The hip joint is a complex ball-and-socket joint that supports the weight of the body and is responsible for movement of the upper leg. It enables daily activities such as walking, squatting and climbing the stairs. When the hip joint gets damaged, it can become painful and also limit your joint movement – which may be a sign to get a hip replacement.

Hip replacements are common mainly among those that suffer from medical conditions such as osteoarthritis, inflammatory arthritis, avascular necrosis or other forms of hip joint damage. Direct anterior approach (DAA) is a technique used by an orthopaedic surgeon to access the hip joint in hip replacement surgery.

In this article, we had a chat with Dr Mizan Marican from Orion Orthopaedic Surgery who is one of two orthopaedic surgeons in Singapore that specialises in this procedure. You can find him at https://www.orionortho.sg/

DAA Hip Replacement vs Traditional Hip Replacements

Traditional Hip Replacements

Traditional hip replacements have be refined over the years to ensure the best outcomes for the patient’s post-surgery. However, there are elements of this surgery that cannot be changed such as the site and size of the incision needed to access the hip and post-surgical precautions. These include no deep squatting, crossing legs or kneeling due to the need to cut through the muscles surrounding the hip, causing initial structural issues.

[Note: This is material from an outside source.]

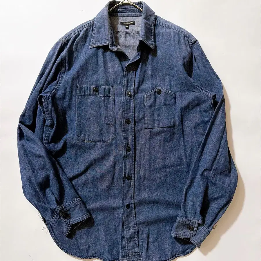 Engineered Garments 엔지니어드 가먼츠 워크 셔츠 샴브레이 데님 인디고 고양이 눈 버튼 밴드 포함 바닥 포함 엘보 배치 빈티지 가공 데미지 가공 USA제 미국제 남성용 M 네펜데스

Direct Anterior Approach (DAA) Hip Replacement

With the DAA technique, there are only a couple of few post-surgery precautions to take note of. Compared to traditional hip replacements, DAA spreads the muscles rather than cutting through it. This means that the muscles around the hips are left intact, hence, patients are encouraged to get moving as soon as they feel ready. As with many surgical procedures, there will likely be pain (due to the nature of surgery), which can be managed with pain medication. We have found that those who went through DAA hip replacement reported that they felt good and was able to move with ease.

Pre-operation procedures

Often, Dr Mizan will encourage his patients to attend a pre-surgery course of Physiotherapy (prehab). This will aid in strengthening the muscles before the operation. Additionally, patients are able to get a head start on the exercises that they can utilise post-surgery.

Post-operation procedures

There will be a period in time where the patient will require some assistance from a crutch or walking stick to aid in mobility. A post-surgery course of Physiotherapy (rehab) is also important in helping with pain management and improving movement around the hip. Overtime, the rehabilitation program will progress on to muscle strengthening, gait re-education and increasing independence.

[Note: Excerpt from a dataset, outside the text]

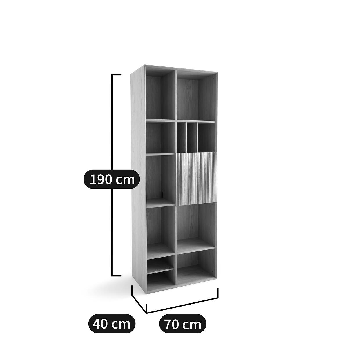 Part of the Mikube modular storage system, the 1-door bookcase is designed to be used alone or with other modules in the range, in order to create, for example, a storage unit or an XXL bookcase. An oak veneered MDF bookcase with several compartments. Its edges have a 45° cut. An AMPM exclusivity designed to adapt to all spaces. Product Details • Cabinet, shelves and base in oak veneered MDF, nitrocellulose finish • 1 door in raised and carved solid oak. The rectilinear relief recalls the sculptural effect worked with a gouge, a traditional tool of cabinetmakers.. • Mixed FSC® certified wood • Nitrocellulose varnish finish • 9 compartments including 1 equipped with vertical partitions + 1 equipped with 1 shelf • Door with push/pull opening system • Cable passes • Wall mounting recommended (screws and plugs not included)Quality Info • German brand hardware: reliable, discreet and functional. These accessories ensure the longevity of your product. • Push/pull opening system: light pressure on the door allows it to be opened or closed without a handle. Dimensions Overall • Width: 70cm • Height: 190cm • Depth: 40cm. Usable space • Left column compartments: L26 x H41-26-12 x D33cm • Right column compartments: L38 x H41-26 x D33cm • Small vertical right column compartments: L10-10-16cmDelivery:. Sold pre-assembled. Available for home delivery. Note! Please ensure all passageways and doorways are wide enough. • WOOD FROM MORE SUSTAINABLY MANAGED FORESTS AND CONTROLLED SOURCES. FSC® Mix wood contains at least 70% FSC® certified and/or recycled wood, the remainder being FSC® controlled wood. Dimensions and weight of parcel1 parcel • L201 x H79 x D50cm, 69kg

Top Tips For Your New Hips

1. Challenge yourself

The muscles around the hips are designed to give us stability and power for movement. Therefore, they need to be challenged from time to time. This doesn’t have to be in the gym. It could be as simple as occasionally taking the stairs rather than using the lift.

2. Use a tennis ball

Massaging around the hips is a super quick and effective way to reduce stiffness. Stand close to the wall and place the tennis ball against it. Gently move your hips around for 60 – 90 seconds.

3. Use a heat pack

If you’re experiencing pain at night, try using a heat pack on the side of the hip for 10-15 minutes before heading to bed. You can also place a spare pillow between your knees to relax the muscles and reduce some of the stress on the hip joint while in bed.

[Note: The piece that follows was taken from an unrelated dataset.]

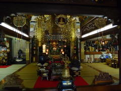 | 重厚な造りの本殿は1722年に再建されたもので、今日もたくさんの人がお参りに来てました | どうやら本堂の中に入れそうなので入ってみた。中に入ると大黒天に直接お参りできます。ちょっと分かりにくいですが大黒天の後ろにある大黒天画像は徳川家光の寄進だとか | 本殿の隣には立派な楽堂もあります |

Written By: Dr Mizan Marican – Consultant Orthopaedic Surgeon & Medical Director, MBBS, MRCS, MMed, FRCS

Dr Mizan Marican is an orthopaedic surgeon who specialises in lower limb surgery and focuses his practice on joint preservation, sports injuries, and joint replacement surgeries for the hip and knee. Dr Mizan Marican completed his orthopaedic training with SingHealth and gained his fellowship in 2015, later he furthered his subspecialty training with the Melbourne Orthopaedic Group in 2017.